● Material provided:
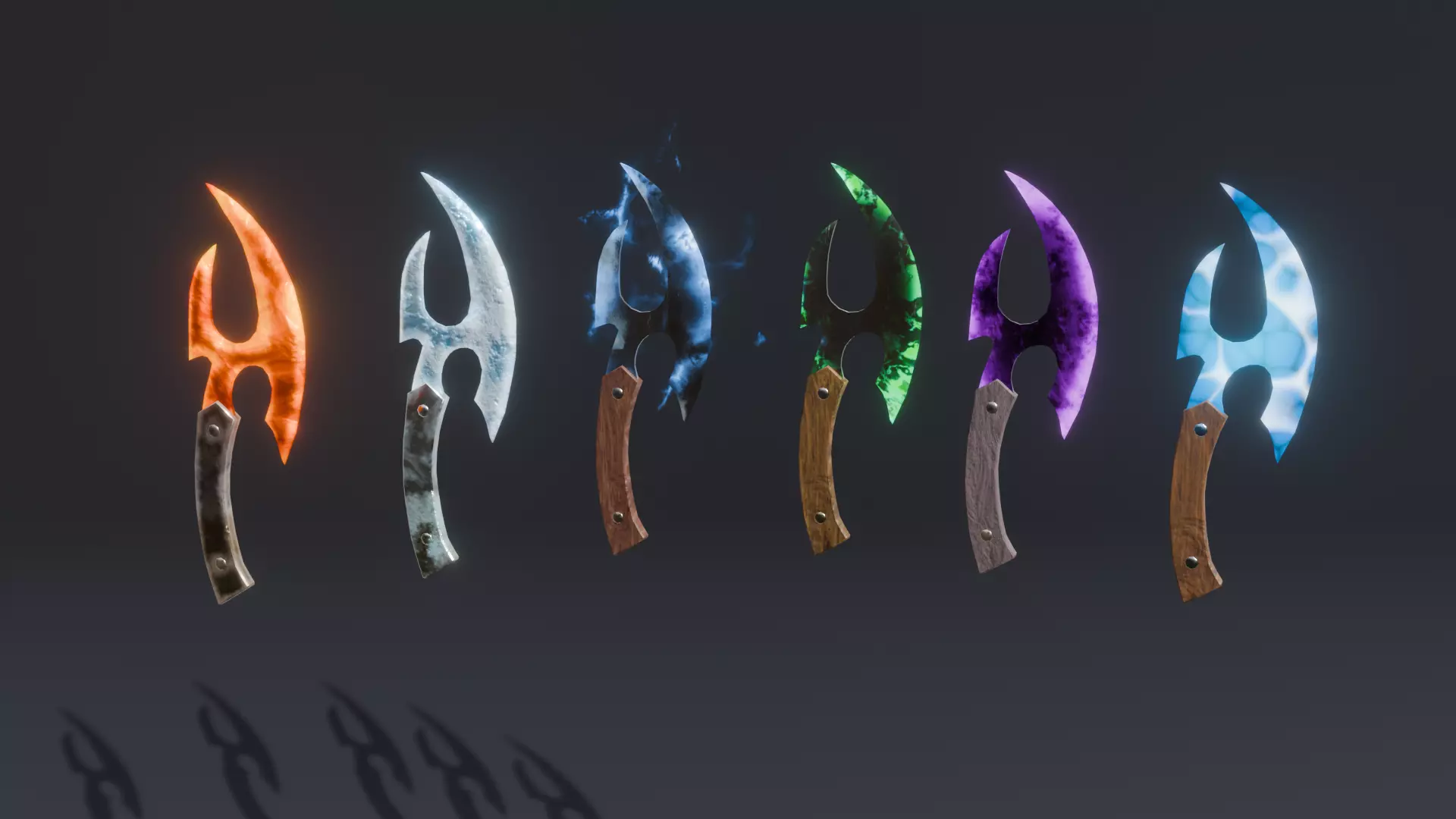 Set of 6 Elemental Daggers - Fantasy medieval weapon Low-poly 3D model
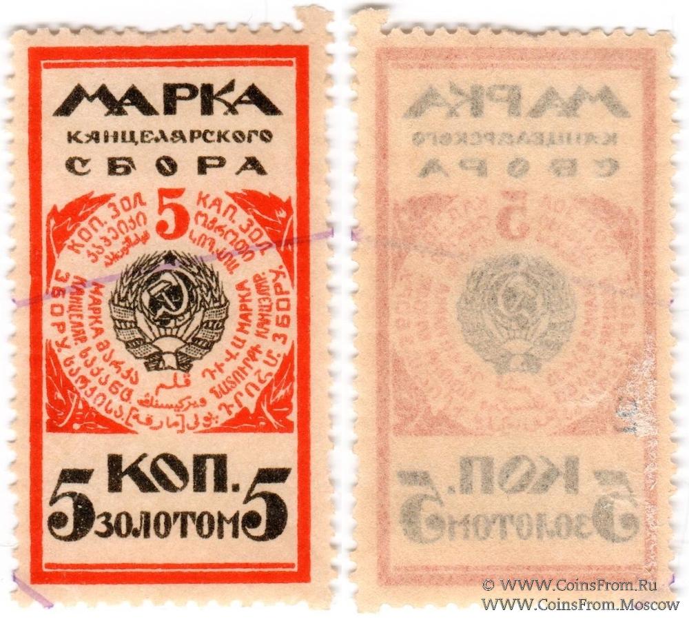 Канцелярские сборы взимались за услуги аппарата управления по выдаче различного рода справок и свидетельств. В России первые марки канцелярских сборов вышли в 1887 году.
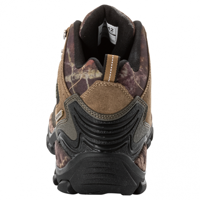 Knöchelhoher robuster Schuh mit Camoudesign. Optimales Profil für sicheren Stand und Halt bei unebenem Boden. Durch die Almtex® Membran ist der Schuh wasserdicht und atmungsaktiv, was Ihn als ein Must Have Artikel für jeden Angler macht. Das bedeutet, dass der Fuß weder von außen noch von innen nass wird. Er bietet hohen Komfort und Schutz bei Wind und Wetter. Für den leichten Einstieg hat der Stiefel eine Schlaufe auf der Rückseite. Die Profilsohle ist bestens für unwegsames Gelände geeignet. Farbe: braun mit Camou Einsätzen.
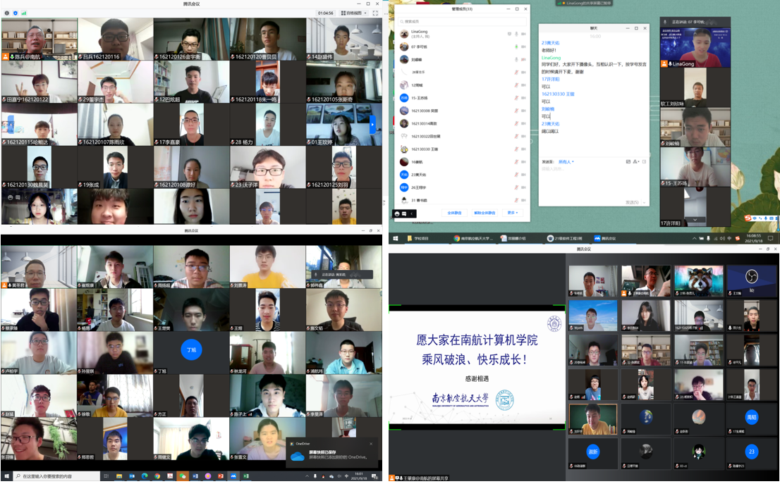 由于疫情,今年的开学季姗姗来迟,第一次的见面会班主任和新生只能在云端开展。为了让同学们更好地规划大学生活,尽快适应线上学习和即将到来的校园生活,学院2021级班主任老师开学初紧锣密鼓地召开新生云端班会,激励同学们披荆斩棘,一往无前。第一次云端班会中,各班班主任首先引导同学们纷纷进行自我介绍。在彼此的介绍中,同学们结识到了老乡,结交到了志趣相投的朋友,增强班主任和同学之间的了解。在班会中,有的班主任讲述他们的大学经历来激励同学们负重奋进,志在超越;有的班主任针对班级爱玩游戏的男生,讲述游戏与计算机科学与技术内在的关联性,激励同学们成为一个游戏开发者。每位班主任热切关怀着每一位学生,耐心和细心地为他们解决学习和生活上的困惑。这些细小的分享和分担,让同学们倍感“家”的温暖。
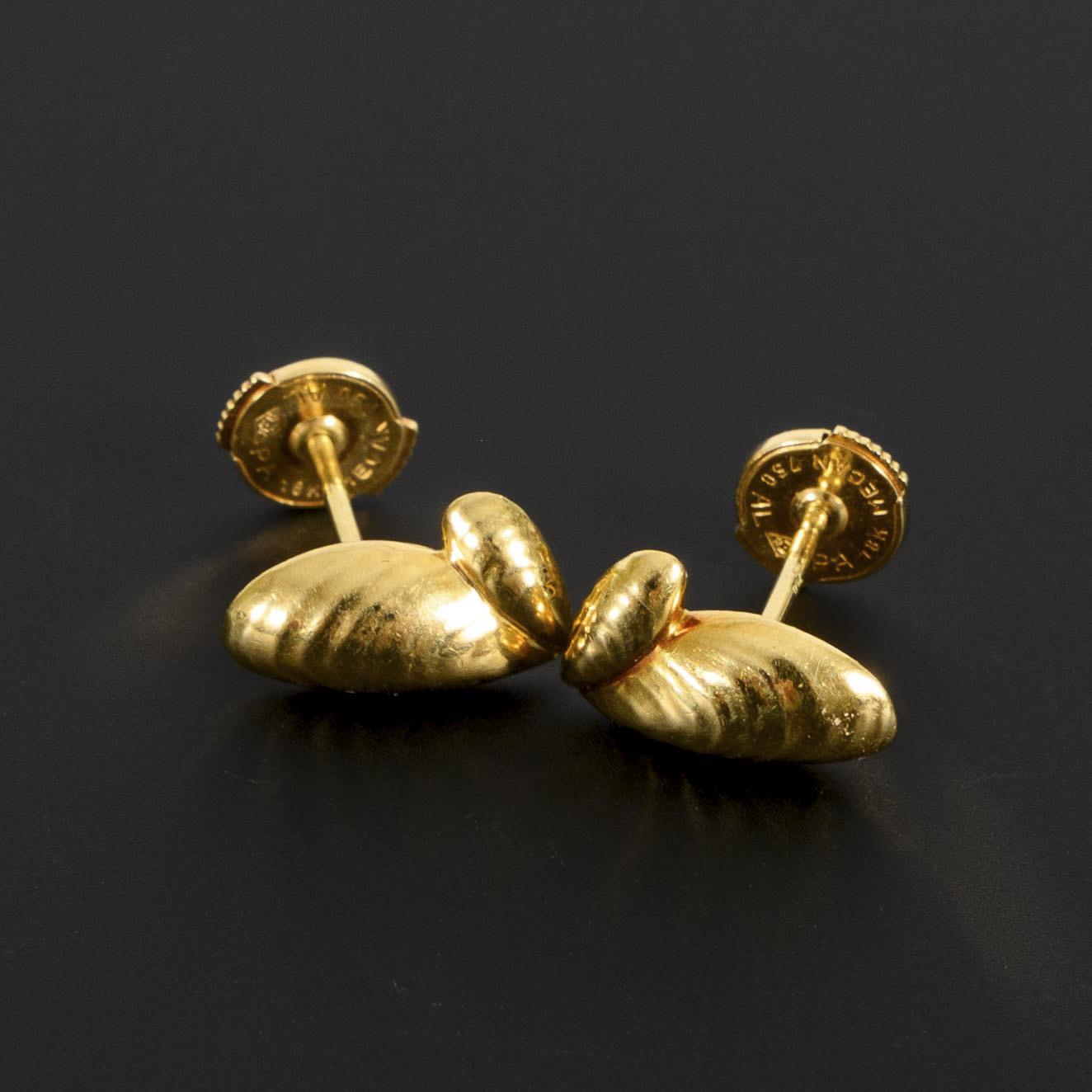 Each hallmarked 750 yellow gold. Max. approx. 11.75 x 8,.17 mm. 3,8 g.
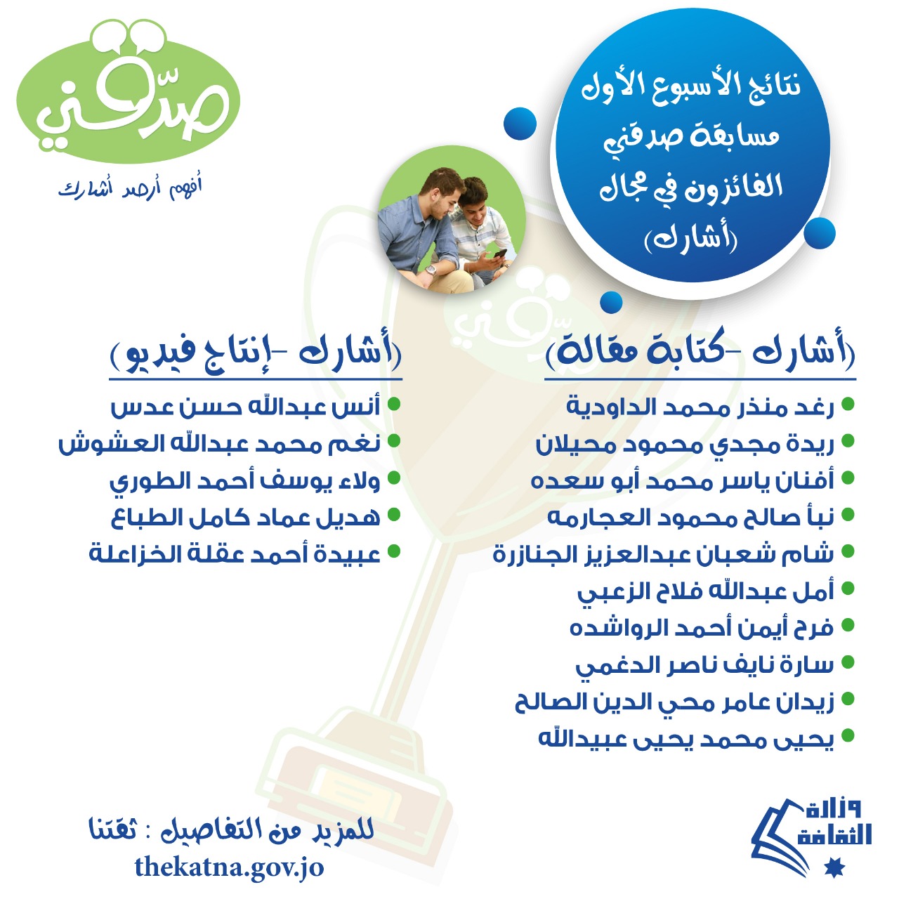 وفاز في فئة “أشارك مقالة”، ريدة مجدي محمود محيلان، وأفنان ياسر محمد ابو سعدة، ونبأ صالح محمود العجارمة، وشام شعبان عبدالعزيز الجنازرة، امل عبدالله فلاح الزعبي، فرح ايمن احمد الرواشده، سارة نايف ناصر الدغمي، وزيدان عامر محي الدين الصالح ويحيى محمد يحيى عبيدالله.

● How to complete this task: Please retype exactly the lines from the one containing "Канцелярские сборы взимались" through the last line of the records, both included, leaving out every picture.

● Response to the exercise:
 Канцелярские сборы взимались за услуги аппарата управления по выдаче различного рода справок и свидетельств. В России первые марки канцелярских сборов вышли в 1887 году.
 Knöchelhoher robuster Schuh mit Camoudesign. Optimales Profil für sicheren Stand und Halt bei unebenem Boden. Durch die Almtex® Membran ist der Schuh wasserdicht und atmungsaktiv, was Ihn als ein Must Have Artikel für jeden Angler macht. Das bedeutet, dass der Fuß weder von außen noch von innen nass wird. Er bietet hohen Komfort und Schutz bei Wind und Wetter. Für den leichten Einstieg hat der Stiefel eine Schlaufe auf der Rückseite. Die Profilsohle ist bestens für unwegsames Gelände geeignet. Farbe: braun mit Camou Einsätzen.
 由于疫情,今年的开学季姗姗来迟,第一次的见面会班主任和新生只能在云端开展。为了让同学们更好地规划大学生活,尽快适应线上学习和即将到来的校园生活,学院2021级班主任老师开学初紧锣密鼓地召开新生云端班会,激励同学们披荆斩棘,一往无前。第一次云端班会中,各班班主任首先引导同学们纷纷进行自我介绍。在彼此的介绍中,同学们结识到了老乡,结交到了志趣相投的朋友,增强班主任和同学之间的了解。在班会中,有的班主任讲述他们的大学经历来激励同学们负重奋进,志在超越;有的班主任针对班级爱玩游戏的男生,讲述游戏与计算机科学与技术内在的关联性,激励同学们成为一个游戏开发者。每位班主任热切关怀着每一位学生,耐心和细心地为他们解决学习和生活上的困惑。这些细小的分享和分担,让同学们倍感“家”的温暖。
 Each hallmarked 750 yellow gold. Max. approx. 11.75 x 8,.17 mm. 3,8 g.
 وفاز في فئة “أشارك مقالة”، ريدة مجدي محمود محيلان، وأفنان ياسر محمد ابو سعدة، ونبأ صالح محمود العجارمة، وشام شعبان عبدالعزيز الجنازرة، امل عبدالله فلاح الزعبي، فرح ايمن احمد الرواشده، سارة نايف ناصر الدغمي، وزيدان عامر محي الدين الصالح ويحيى محمد يحيى عبيدالله.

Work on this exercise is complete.